Пока шел «процесс Розенталя», я лишь однажды посетил дядю Ро. Возможно, старик и заметил мою обеспокоенность чем-то, но ничего не сказал. Я же не мог молчать в те дни и прямо спросил дядю, что он думает о деле Розенталя. Спросил, конечно, не с порога, а после, когда мы уже сидели, как обычно, и слушали музыку. Дядя Ро удивленно поднял на меня глаза и ничего не ответил. Своим неожиданным вопросом я лишь вывел старика на мгновенье из состояния блаженного покоя. Очевидно ему было наплевать на Розенталя; он просто не считал этот процесс важным событием. Оно и понятно: ежедневно в мире гибнут тысячи людей, что за дело дяде Ро до какого-то там Розенталя. Да и воспринимает ли всерьез этот интеллигентнейший старик проблемы моего поколения!?

Способен ли, вообще, кто-нибудь понять следующее поколение!? Не по-родственному любить своих отпрысков, а именно понимать их. Ведь почти никто даже из людей среднего возраста не понимает музыку или фильмы, созданные молодежью, хотя музыка и кино — едва ли не самые доступные формы искусства. По-видимому, человек устроен так, что естественно воспринимает культуру и обычаи своего поколения, способен при желании понять культуру всех предыдущих и абсолютно глух ко всему, что появляется уже по прошествии его юности. Меня, к примеру, читают, судя по всему, почти исключительно мои сверстники. И уж во всяком случае не старики. Последние обычно чуть ли не подчеркнуто меня игнорируют. Разве что Президент, заигрывая с молодежью, может иногда меня похвалить. А впрочем, я и мои сверстники уже не молодежь. Да и Президент вовсе не так стар. С годами разница в возрасте стирается…

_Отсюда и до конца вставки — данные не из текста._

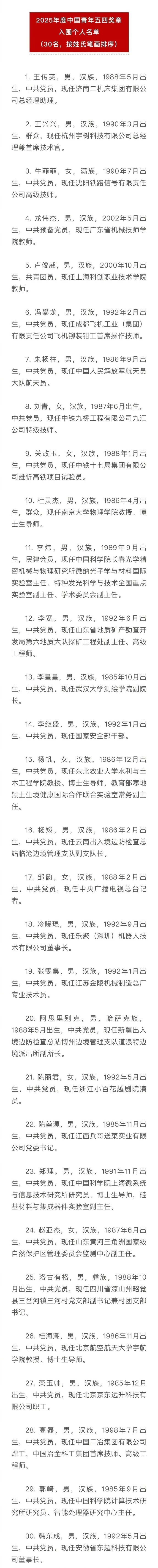 据共青团中央消息,2025年度中国青年五四奖章入围名单公示。其中,宇树科技创始人王兴兴、浙江小百花越剧院演员陈丽君、航天员朱杨柱和桂海潮、总台记者邹韵等人在列。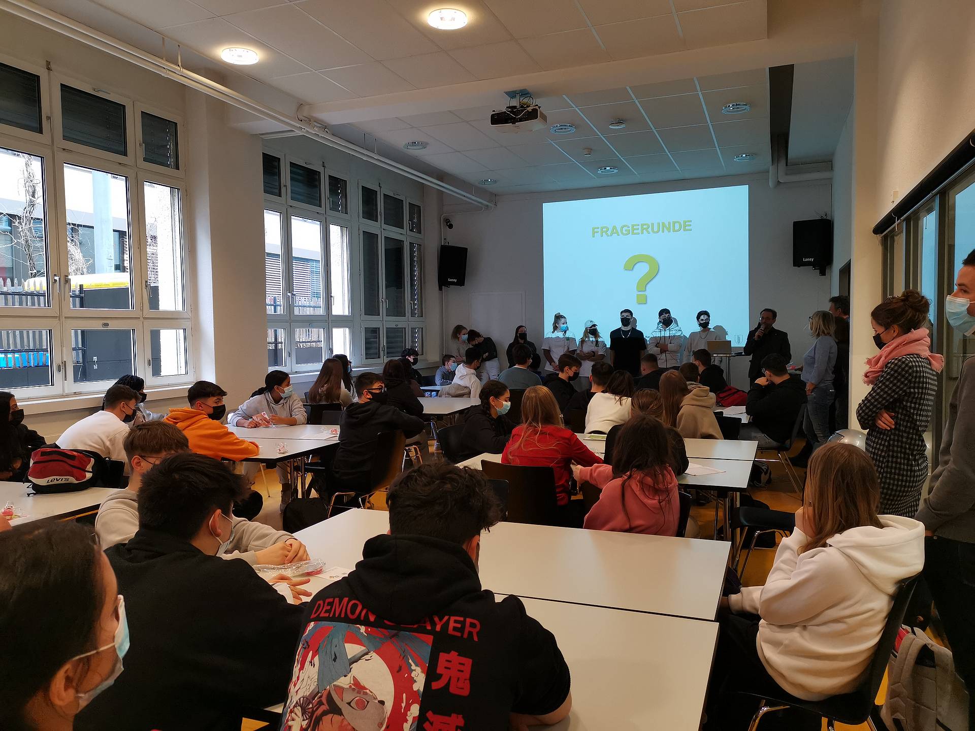 Schlussrunde in der Mensa. Nach den zahlreichen Eindrücken haben die Jugendlichen noch einmal die Möglichkeit, Fragen zu stellen. Eine Schülerin will wissen, was die Lernenden in ihrer Berufswahl inspiriert habe. Einer von ihnen hat einen entscheidenden Tipp als Antwort parat: «Macht etwas, worin ihr gut seid. Etwas, woran ihr Spass habt. Dann fällt euch alles automatisch leichter.»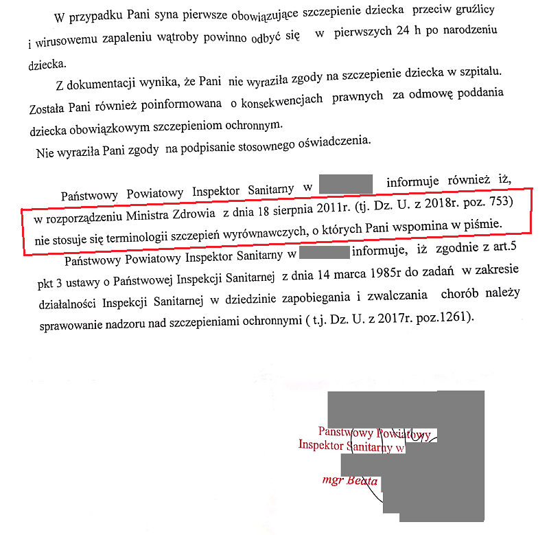 A więc pomimo że w rozporządzeniu w sprawie obowiązkowych szczepień ochronnych nie została podana data pierwszego szczepienia dziecka przeciw gruźlicy i WZW B, to sanepid odwołuje się do kalendarza szczepień, który ZALECA aby te szczepienia wykonać w pierwszej dobie życia dziecka. Ale jeśli rodzice odwołują się do kalendarza szczepień, wskazując, że ich dziecko obecnie znajduje się przecież na etapie „szczepień wyrównawczych”, a więc nie można już od nich wymagać, aby dziecko zostało zaszczepione przeciw gruźlicy i WZW B w pierwszej dobie, to nagle okazuje się, że „szczepienia wyrównawcze” to termin zupełnie nieistotny, bo przecież w rozporządzeniu Ministra Zdrowia w sprawie obowiązkowych szczepień ochronnych „nie stosuje się terminologii szczepień wyrównawczych”.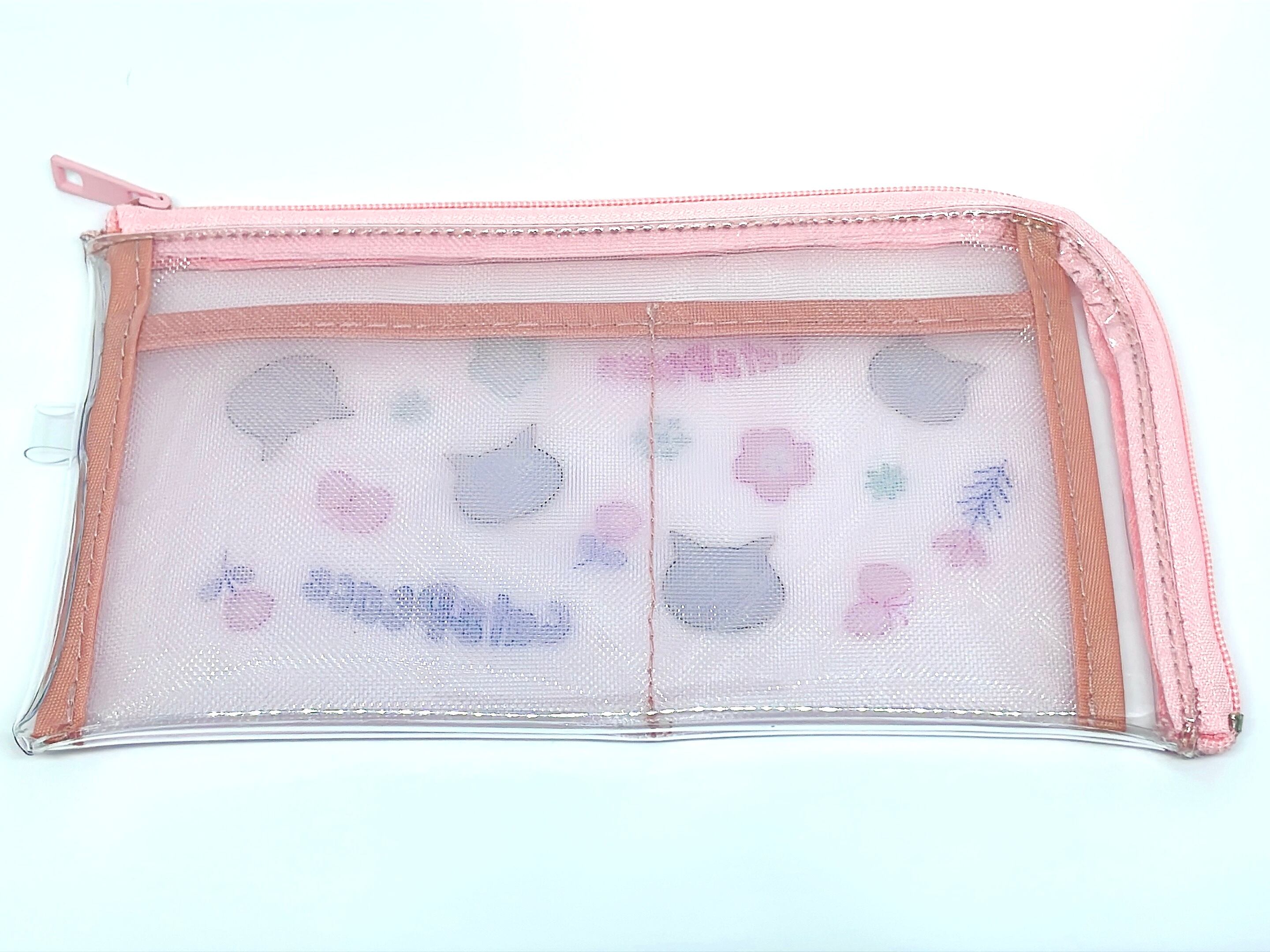 中身が見えるクリアなポーチなので、メッシュのポケットにかわいいものを入れてデコレーションも楽しめます。

Робеспьер Розенталь получил «всего» пятнадцать лет, после чего его дело получило новый резонанс — теперь уже в качестве примера гуманности нашего правосудия. Мне его дело нанесло тяжелую моральную травму. Оно обнажило мою полную гражданскую несостоятельность, и тот грустный факт, что подавляющее большинство людей на моем месте даже не задумались бы над происходящим, отнюдь не служит мне утешением.

Вот так я и пишу. О самом главном не договаривая. И горжусь этим. Почти кичюсь. Порой говорю, что современной литературе должна быть свойственна недосказанность. А не от неумения ли раскрыть тему эта недосказанность? Или от боязни быть слишком правильно понятым?..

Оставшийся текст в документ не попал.